(Stored items)
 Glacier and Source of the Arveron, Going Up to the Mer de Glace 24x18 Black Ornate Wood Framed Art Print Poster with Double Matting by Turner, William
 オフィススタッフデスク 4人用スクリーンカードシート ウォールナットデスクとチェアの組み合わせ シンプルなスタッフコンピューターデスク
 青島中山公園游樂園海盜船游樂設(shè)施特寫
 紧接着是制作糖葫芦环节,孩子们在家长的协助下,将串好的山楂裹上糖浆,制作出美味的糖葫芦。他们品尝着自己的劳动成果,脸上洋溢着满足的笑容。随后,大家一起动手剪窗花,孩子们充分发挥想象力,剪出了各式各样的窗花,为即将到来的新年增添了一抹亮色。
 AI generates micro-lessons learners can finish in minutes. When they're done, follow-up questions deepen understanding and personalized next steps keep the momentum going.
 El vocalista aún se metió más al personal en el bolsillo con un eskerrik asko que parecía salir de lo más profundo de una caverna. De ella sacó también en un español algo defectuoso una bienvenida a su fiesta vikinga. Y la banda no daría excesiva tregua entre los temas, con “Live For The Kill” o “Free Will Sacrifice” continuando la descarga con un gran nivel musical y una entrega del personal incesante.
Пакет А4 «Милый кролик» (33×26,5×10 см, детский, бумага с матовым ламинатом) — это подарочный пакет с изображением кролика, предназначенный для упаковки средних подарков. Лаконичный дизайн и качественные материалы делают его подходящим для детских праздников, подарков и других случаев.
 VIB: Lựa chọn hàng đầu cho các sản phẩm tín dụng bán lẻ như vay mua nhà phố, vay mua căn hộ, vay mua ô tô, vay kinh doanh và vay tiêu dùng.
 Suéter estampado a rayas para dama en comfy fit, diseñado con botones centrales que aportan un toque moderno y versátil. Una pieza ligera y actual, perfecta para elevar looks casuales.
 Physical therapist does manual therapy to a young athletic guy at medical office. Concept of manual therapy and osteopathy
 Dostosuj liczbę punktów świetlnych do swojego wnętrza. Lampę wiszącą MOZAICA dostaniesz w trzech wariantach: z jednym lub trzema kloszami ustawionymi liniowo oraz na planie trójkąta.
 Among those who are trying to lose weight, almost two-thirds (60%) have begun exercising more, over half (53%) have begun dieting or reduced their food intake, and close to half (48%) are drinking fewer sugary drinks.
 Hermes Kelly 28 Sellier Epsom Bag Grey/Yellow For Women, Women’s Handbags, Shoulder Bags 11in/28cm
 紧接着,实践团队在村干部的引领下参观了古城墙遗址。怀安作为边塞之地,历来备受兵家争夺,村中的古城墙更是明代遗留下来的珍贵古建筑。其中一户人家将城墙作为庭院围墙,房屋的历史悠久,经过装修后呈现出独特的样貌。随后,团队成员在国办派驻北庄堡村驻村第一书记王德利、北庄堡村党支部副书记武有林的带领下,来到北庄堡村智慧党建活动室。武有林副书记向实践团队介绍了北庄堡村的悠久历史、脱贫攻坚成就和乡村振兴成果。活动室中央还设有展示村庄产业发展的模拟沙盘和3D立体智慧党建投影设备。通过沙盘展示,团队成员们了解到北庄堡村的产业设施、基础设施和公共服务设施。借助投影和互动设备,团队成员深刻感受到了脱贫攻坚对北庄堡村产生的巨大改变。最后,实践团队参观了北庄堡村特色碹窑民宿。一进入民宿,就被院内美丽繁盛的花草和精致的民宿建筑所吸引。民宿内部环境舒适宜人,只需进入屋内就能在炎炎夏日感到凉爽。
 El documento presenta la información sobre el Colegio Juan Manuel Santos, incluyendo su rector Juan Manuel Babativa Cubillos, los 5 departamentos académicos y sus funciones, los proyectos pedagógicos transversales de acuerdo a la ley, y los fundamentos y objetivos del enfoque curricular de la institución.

## Task description
Line by line, retype all of the records exactly.

## Answer for this exercise
 Glacier and Source of the Arveron, Going Up to the Mer de Glace 24x18 Black Ornate Wood Framed Art Print Poster with Double Matting by Turner, William
 オフィススタッフデスク 4人用スクリーンカードシート ウォールナットデスクとチェアの組み合わせ シンプルなスタッフコンピューターデスク
 青島中山公園游樂園海盜船游樂設(shè)施特寫
 紧接着是制作糖葫芦环节,孩子们在家长的协助下,将串好的山楂裹上糖浆,制作出美味的糖葫芦。他们品尝着自己的劳动成果,脸上洋溢着满足的笑容。随后,大家一起动手剪窗花,孩子们充分发挥想象力,剪出了各式各样的窗花,为即将到来的新年增添了一抹亮色。
 AI generates micro-lessons learners can finish in minutes. When they're done, follow-up questions deepen understanding and personalized next steps keep the momentum going.
 El vocalista aún se metió más al personal en el bolsillo con un eskerrik asko que parecía salir de lo más profundo de una caverna. De ella sacó también en un español algo defectuoso una bienvenida a su fiesta vikinga. Y la banda no daría excesiva tregua entre los temas, con “Live For The Kill” o “Free Will Sacrifice” continuando la descarga con un gran nivel musical y una entrega del personal incesante.
Пакет А4 «Милый кролик» (33×26,5×10 см, детский, бумага с матовым ламинатом) — это подарочный пакет с изображением кролика, предназначенный для упаковки средних подарков. Лаконичный дизайн и качественные материалы делают его подходящим для детских праздников, подарков и других случаев.
 VIB: Lựa chọn hàng đầu cho các sản phẩm tín dụng bán lẻ như vay mua nhà phố, vay mua căn hộ, vay mua ô tô, vay kinh doanh và vay tiêu dùng.
 Suéter estampado a rayas para dama en comfy fit, diseñado con botones centrales que aportan un toque moderno y versátil. Una pieza ligera y actual, perfecta para elevar looks casuales.
 Physical therapist does manual therapy to a young athletic guy at medical office. Concept of manual therapy and osteopathy
 Dostosuj liczbę punktów świetlnych do swojego wnętrza. Lampę wiszącą MOZAICA dostaniesz w trzech wariantach: z jednym lub trzema kloszami ustawionymi liniowo oraz na planie trójkąta.
 Among those who are trying to lose weight, almost two-thirds (60%) have begun exercising more, over half (53%) have begun dieting or reduced their food intake, and close to half (48%) are drinking fewer sugary drinks.
 Hermes Kelly 28 Sellier Epsom Bag Grey/Yellow For Women, Women’s Handbags, Shoulder Bags 11in/28cm
 紧接着,实践团队在村干部的引领下参观了古城墙遗址。怀安作为边塞之地,历来备受兵家争夺,村中的古城墙更是明代遗留下来的珍贵古建筑。其中一户人家将城墙作为庭院围墙,房屋的历史悠久,经过装修后呈现出独特的样貌。随后,团队成员在国办派驻北庄堡村驻村第一书记王德利、北庄堡村党支部副书记武有林的带领下,来到北庄堡村智慧党建活动室。武有林副书记向实践团队介绍了北庄堡村的悠久历史、脱贫攻坚成就和乡村振兴成果。活动室中央还设有展示村庄产业发展的模拟沙盘和3D立体智慧党建投影设备。通过沙盘展示,团队成员们了解到北庄堡村的产业设施、基础设施和公共服务设施。借助投影和互动设备,团队成员深刻感受到了脱贫攻坚对北庄堡村产生的巨大改变。最后,实践团队参观了北庄堡村特色碹窑民宿。一进入民宿,就被院内美丽繁盛的花草和精致的民宿建筑所吸引。民宿内部环境舒适宜人,只需进入屋内就能在炎炎夏日感到凉爽。
 El documento presenta la información sobre el Colegio Juan Manuel Santos, incluyendo su rector Juan Manuel Babativa Cubillos, los 5 departamentos académicos y sus funciones, los proyectos pedagógicos transversales de acuerdo a la ley, y los fundamentos y objetivos del enfoque curricular de la institución.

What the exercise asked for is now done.